The probability of a single molecule being from Julius Caesar's dying breath:
2.1999999999999996e-22

The probability that no molecules in my breath are from Julius Caesar's dying breath:
0.00790705405159345

The probability that at least one molecule in my breath is from Julius Caesar's dying breath:
0.9920929459484066



The probability of inhaling a molecule of Julius Caeser's exhale from his dying breath is about 99.2%, which is far more likely than I was expecting!

Daniel Strickland, Claire Hocker, and I used this reference to help us figure it out: https://puzzlemath.blogspot.com/2011/06/julius-caesars-last-breath.html

## What is True?
Assess yourself on how you did using the checkboxes below.

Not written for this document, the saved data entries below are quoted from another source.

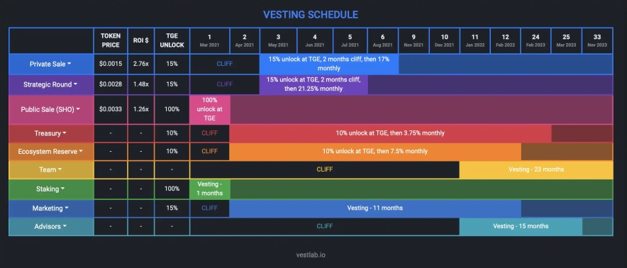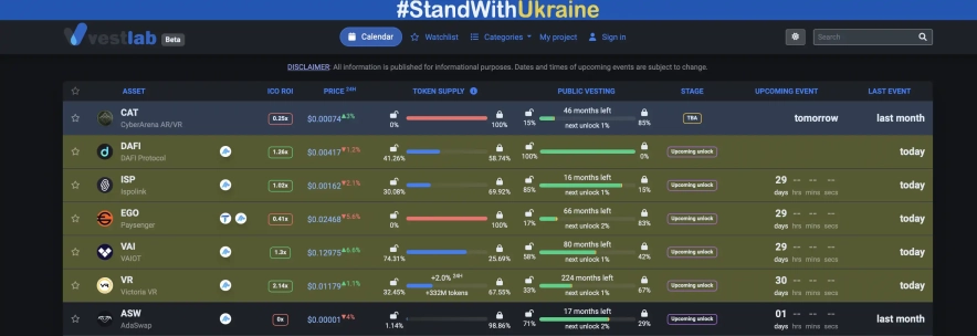 Не йдучи далеко від агрегаторів, хочемо розглянути ще один під назвою Vestlab. На цій платформі можна знайти важливу інформацію про проєкти. Тут ви зможете вивчити опис проєкту, знайти посилання на офіційні веб-сайти, а також whitepaper, інформацію про розподіл токенів, лаунчпад-платформи, де реалізуються токени, дати перших розблокувань, відсоток заблокованих і розблокованих токенів, хронологію випуску токенів, а також зворотний таймер до наступного розблокування.
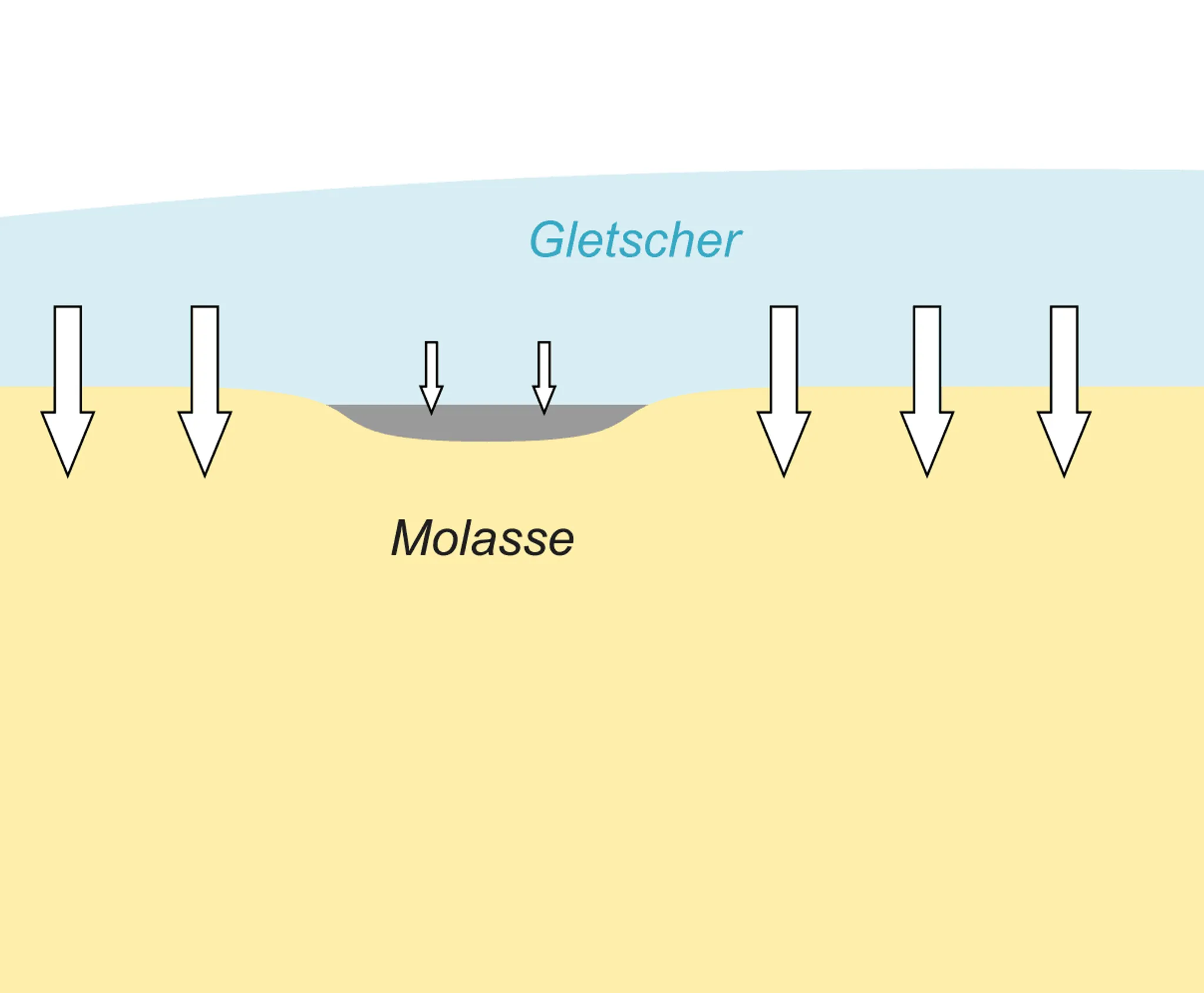 Mit der folgenden Grafikserie kannst du dir die beschriebenen Vorgänge mit einfachen geologischen Querschnitten nochmals erklären lassen.
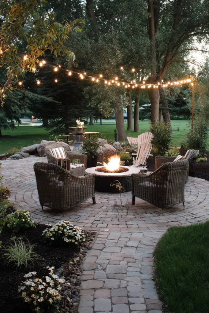 This is the quintessential cozy backyard hangout, designed for those crisp fall evenings. The space is anchored by a charming circular stone patio with a slightly curved edge, perfect for framing the central, rustic stone fire pit. Comfortable, deep-seated wicker chairs are placed around the fire, just waiting for s’mores and storytelling. Overhead, a classic strand of bistro lights drapes between the surrounding mature trees, adding that magical, warm glow to the entire scene.

Check a box by putting an 'X' in it only if it is warranted.


### What is true of my experience in general?
(5 points each, 15 points total)
- [X] I had fun.
- [X] I learned something new.
- [X] I achieved something meaningful, or something I can build upon at a later time.

I can say I did all of these when I implemented my program using multiprocessing and logging. I am currently taking a parallelism and concurrency class, so I will likely use this going forward. I even learned about the starmap function which I have never used before. It was a lot of fun, but I probably spent too much time on it.

### What is true of my report on what I learned?
(5 points each, 25 points total)
- [X] I wrote a sufficient number of well-written sentences.
- [X] My report is free of "mechanical infelicities" (misspelled words, grammatical errors, punctuation errors, etc.).
- [X] I reported on any connections I found between this investigation and something I already know.
- [X] I reported who were and what contribution each of my collaborators made.
- [X] I reported on how many numbers I was able to verify with a time/computation budget of 24 hours (in a row).

I believe I have accomplished all of these because I have nothing more to write and everything that I have written has been run through Grammarly. I also mentioned above about my class on parallelism and concurrency that I have utilized in this class.

### What is true about my answers?
(15 points each, 60 points total)
- [X] I figured out how to run a Python program continuously for at least 24 hours.
- [ ] I refrained from printing out anything except the highest number I verified, knowing that printing just slows a program down.
- [X] I got the right answer for the first probability theory question.
- [X] I got the right answer for the second probability theory question.

I believe I achieved all of these except for the printing out just one number part. This is proof that I should be reading these requirements ahead of time. I could have done this but was unaware that it was a requirement. I actually went out of my way to print out the number at a set time about every 30 minutes as insurance against a program crash, so if anything, I think I went above and beyond this requirement. But for the sake of following the requirements to the letter, I will leave it unchecked. Feel free to give me credit for it if you see fit.

I worked with my classmates to work out the two probability theory questions and we are quite certain that we got the correct answer. We know for sure that we got the first one right because we got the same answer as was listed in the *First Three Odds* on page 175. The second was more challenging, but with the help of some research, we believe this one is correct, too.